FL Court Rules Against Spouse-Installed Spyware
idobi writes "A Florida court ruled that it was illegal for a wife to install spyware on her husband's computer, in order to catch him in an extramarital affair. The three judge panel barred the woman from using the chat records from being introduced as evidence in the divorce proceedings. The court ruled that the software, Spector, violated Florida's wiretapping law - which states that it is criminal to 'intentionally intercept' any 'electronic communication.'"
Unless the PC was his before the marraige, the whole PC is 'theirs' and she can install whatever she wants on it.
- no sig here
This is what I find amusing about states and their differences in laws. LA recently had a similar case where a man used a keylogger to keep tabs on his employer. This was ruled as not breaking wiretap laws. http://www.securityfocus.com/news/9978
News Reporters Make Tasty Polar Bear Treats!
There was recently a case in Washington State where a suspicious mother had picked up the phone to listen to her daughter's conversation with one of her friends. Well it turns out the friend was a suspect in a robbery and the mother was called to testify.
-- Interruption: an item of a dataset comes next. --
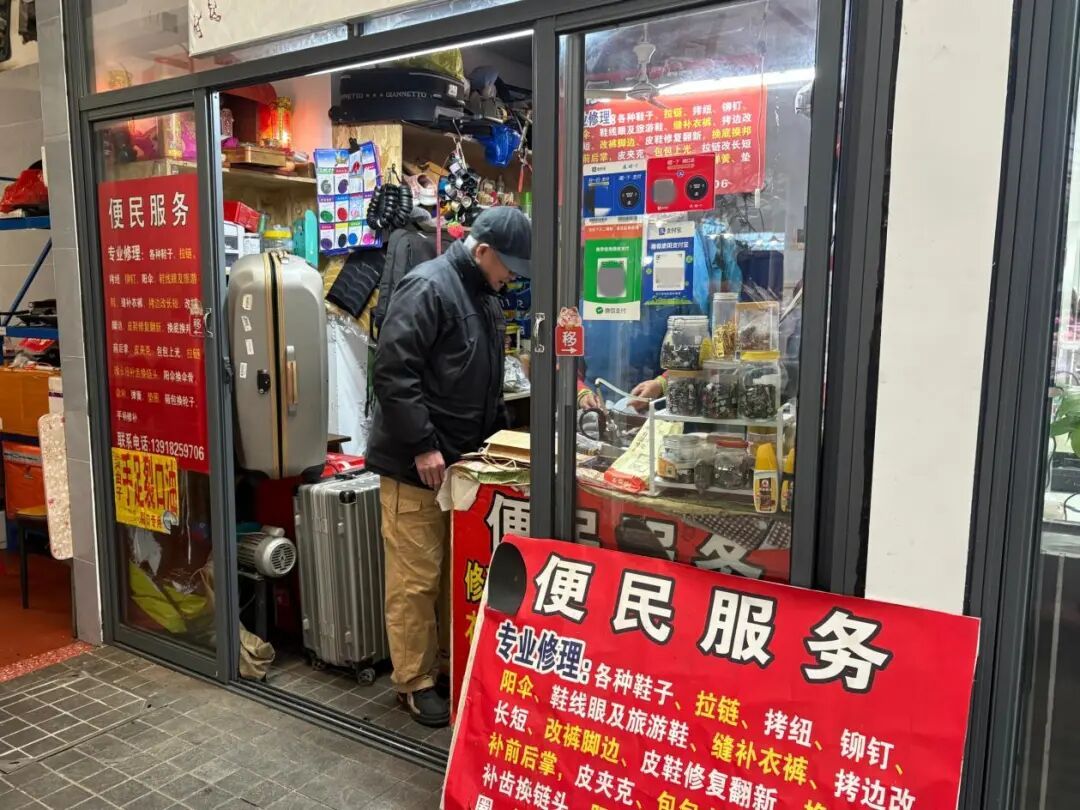 除了好吃的,中广食集还藏着上海街头如今难觅的“小修小补”店。记者看到,不时有市民带着衣服来换拉链、收裤脚,或是拿着雨伞来换伞骨。为了扶持这类便民店铺,菜场给予了租金优惠,让这些实用的便民服务能一直保留下去。

Now the testemony has been ruled inadmissible for similar reasons.
Over here, I think it goes something like 'you keep any property you can conclusivly prove you took into the marriage, everything else is split 50/50'. No judge would give a rats ass for the reasons you want a divorce.. you agreed the share everything, and if you now want to stop sharing everything that's your deal.
"" How about taking the safety labels off everything, and let the stupidity-problem solve itself? """
my divorce in 1996 I owned an ISP. my Ex was having an online affair and the court was happy to look at all her email logs, captured chat sessions and detailed logs of websites and captures of the images and the like.
her lawyer tried the same tricks, the judge threw out the request stating "privately owned computer equipment is not under the jurisdiction of the wiretapping laws."
Sorry, that's no longer true.
If you read the decision, you'll see that the Security of Communications Act was passed in 2003, well after your court case.
The act was "a policy decision by the Florida legislature to allow each party to a conversation to have an expectation of privacy from interception by another party to the conversation."